But we’ll show them the way to go!”

Honest John, while his sinewy fingers feel the taut rein between them, believes himself master of the situation. He pays for house, food and servants, and often works hard for the money that secures these for his family. Upon general principles he has a right to know that the money is wisely spent and husbanded; a right to be well lodged and fed and made as comfortable when at home as his means will allow. If he sees furniture abused, food badly—hence unwholesomely—cooked, and needless waste in any department, he has an unquestionable right to direct his wife’s attention to the existing state of things, and insist that it be amended. On the other hand, in giving his wife his name, he has made her the managing, as he is the financial, partner of the firm matrimonial.

She is not his hireling.

Failure to comprehend this vital truth wrecks the happiness of more married couples than incompatibility of temper, fickleness and intemperance, all put together.

A reasonably good wife earns so much more than her own living that the surplus ought to go to her credit. If not in money, in a hundred other ways. When John stoops to captious surveillance of her methods, and personal inspection of her work, he degrades her to the position of a suspected menial, and sinks his manhood into Bettyishness. “Bettyishness,” according to lexicographers, is the synonym for “womanishness,” and for John to be “womanish” is to be unmanly; Mary would rather have him savage, now and then.

I saw a spotless reputation discounted the other day, and many rare, amiable traits of disposition shrivel as waste paper in the fire, under a single sarcastic utterance of a society woman who had her own reasons for disliking the person under discussion.

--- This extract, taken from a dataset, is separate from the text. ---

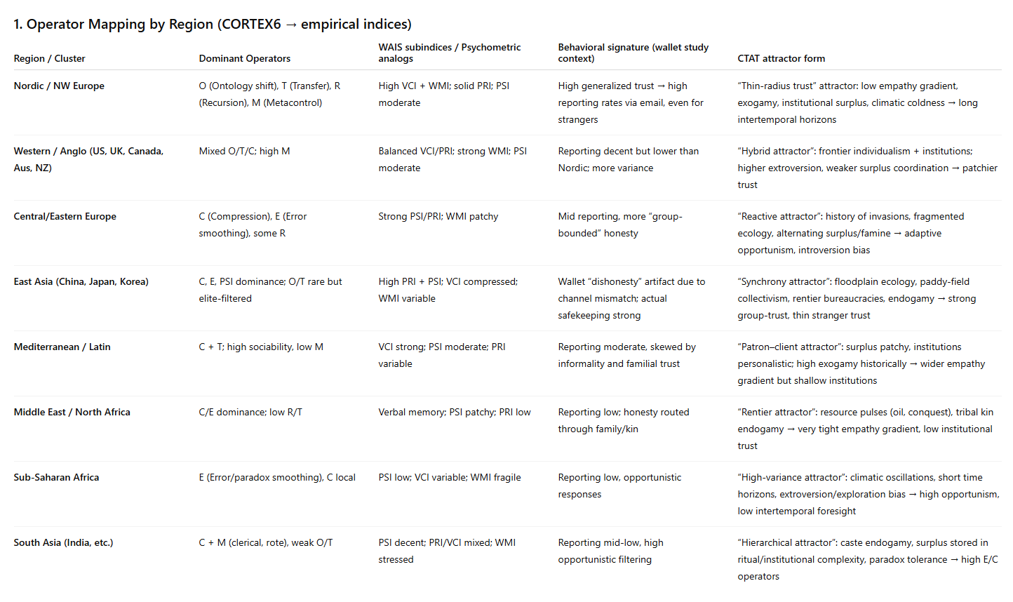 1. Wallet Honesty – Operator Bandwidth and Mismeasurement: CTAT agrees with Whitfeld that the email-based wallet experiment was biased, but frames this as one instance of a broader phenomenon of operator mismeasurement. From a CTAT perspective, standardized tests or experiments often “overfit midrange cohorts” and fail to capture behavior at different cognitive or cultural settings. In the wallet case, CTAT notes that using email to gauge honesty imposes a friction cost and low-“penetrance” channel in a context (China) where that channel is culturally out of sync. The effect of such friction is not uniform across cognitive bands: individuals or societies with different operator profiles respond differently to the same task demands. CTAT posits that lower and mid cognitive bands (which correspond to simpler, more habit-bound operator modes) are highly sensitive to effort and normative cues. In China, emailing a stranger is an atypical, effortful act – something that might not occur to someone unless strongly cued. The original experiment inadvertently measured tech platform usage and initiative (who checks email regularly and bothers to respond) more than innate honesty. CTAT thus generalizes: when a test uses a modality with uneven cultural penetration, groups less aligned with that modality will underperform – not due to lack of underlying trait, but due to mismatch in operator engagement. In CTAT’s terms, the Chinese finders had the “honesty operator,” but the test failed to engage it because it introduced extraneous operator barriers (email, an unfamiliar script). Once a low-friction scaffold (a QR code) was provided, the honesty behavior “unlocked” and appeared at levels comparable to the West. CTAT likens this to the Flynn effect in IQ testing: massive IQ gains have occurred over generations not because people became fundamentally smarter (g didn’t magically increase), but because modern environments “teach to the test” – scaffolding certain abstract operators and familiarity that older generations lacked. Similarly, providing WeChat in the wallet study did not make Chinese people more honest; it simply allowed the existing honesty trait to manifest by removing an operator mismatch (the need for an email).

“Yes!” she said, dubiously, to the praise an elderly matron had given an excellent son and brother. “But, then, he is such a ladylike person!”

The epithet was apt. Not one of us could deny it. Every woman present, while she laughed, would have preferred to have her husband called a brute.

John takes ugly risks when he tempts his hitherto loyal spouse to name him to her confidential self as “Bettyish,” “Miss Nancy-ish” or a “Mollycoddle.” They all mean the same thing. As a sloven he may be forgiven in consideration of the solid manliness back of personal carelessness. We wink at rusty shoes, and collars awry, and tousled hair, and missing sleeve-links. For the same reason we condone crossness, and even a touch of savagery. When he comes home “in a temper,” he has had a trying day down town, or he is hot, or headachy, or hungry. Womanly ingenuity is set to work to soothe down the inclement mood, and womanly love glides to the front with the mantle of tenderest charity to hide the fault from others, and put it out of our own minds when it is past.

I know a man—squarely-built, robust and keen-eyed—who carries the keys of the store-room, and lends them to his wife at night and morning to give out the supplies needed for the daily meals. He registers in day-book and ledger every pound of butter and box of crackers and quart of vinegar brought into the house, with the date of purchase.